请注意，仅当该网格单元中存在对象时，损失函数才会惩罚分类错误（因此，前面讨论的条件类概率）。此外，仅当该预测器对真值框“负责”时，它才会惩罚边界框坐标误差（即，该网格单元中任何预测器的 IOU 最高）。

We train the network for about 135 epochs on the training and validation data sets from PASCAL VOC 2007 and2012. When testing on 2012 we also include the VOC 2007 test data for training. Throughout training we use a batch size of 64, a momentum of 0.9 and a decay of 0.0005.

我们在 PASCAL VOC 2007 和 2012 的训练和验证数据集上对网络进行了约 135 个历元的训练。在VOC 2012上进行测试时，我们还使用 VOC 2007 测试数据进行训练。在整个训练过程中，我们使用的批次大小为 64，动量为 0.9，衰减为 0.0005。

Our learning rate schedule is as follows: For the first epochs we slowly raise the learning rate from $10^{−3}$ to $10^{−2}$ . If we start at a high learning rate our model often diverges due to unstable gradients. We continue training with $10^{−2}$ for 75 epochs, then $10^{−3}$ for 30 epochs, and finally $10^{−4}$ for 30 epochs.

我们的学习率时间表如下：对于第一个epoch，我们慢慢地将学习率从 $10^{-3}$ 提高到 $10^{-2}$ 。如果我们从高学习率开始，我们的模型经常会由于梯度不稳定而发散。我们继续用 $10^{-2}$ 训练 75 个时期，然后用 $10^{-3}$ 训练 30 个时期，最后用 $10^{-4}$ 训练 30 个时期。

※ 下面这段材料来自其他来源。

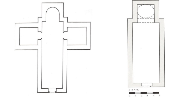 Fig. 3. Propuestas sobre la primera iglesia de Santo Domingo de Silos: Isidro Bango a la izquierda (Bango, 1990: 344) y Félix Palomero a la derecha (Palomero/Ilardia/Reyes/Maté, 1999: 38).
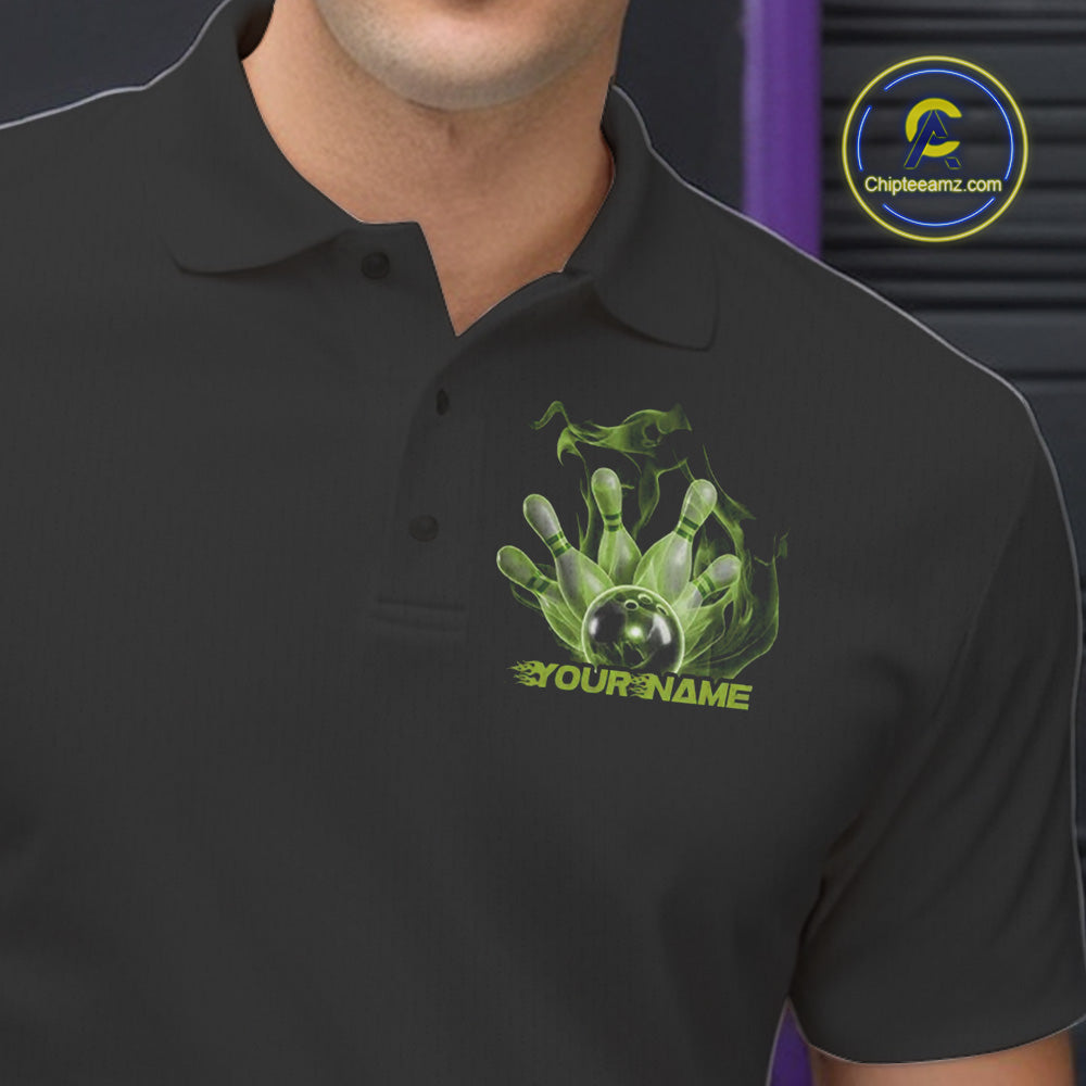 Custom Green Skull Smoke Bowling Team Men Polo Shirts, Halloween Bowling Outfit IPHW9773

To avoid overfitting we use dropout and extensive data augmentation. A dropout layer with rate = .5 after the first connected layer prevents co-adaptation between layers [18]. For data augmentation we introduce random scaling and translations of up to 20% of the original image size. We also randomly adjust the exposure and saturation of the image by up to a factor of 1.5 in the HSV color space.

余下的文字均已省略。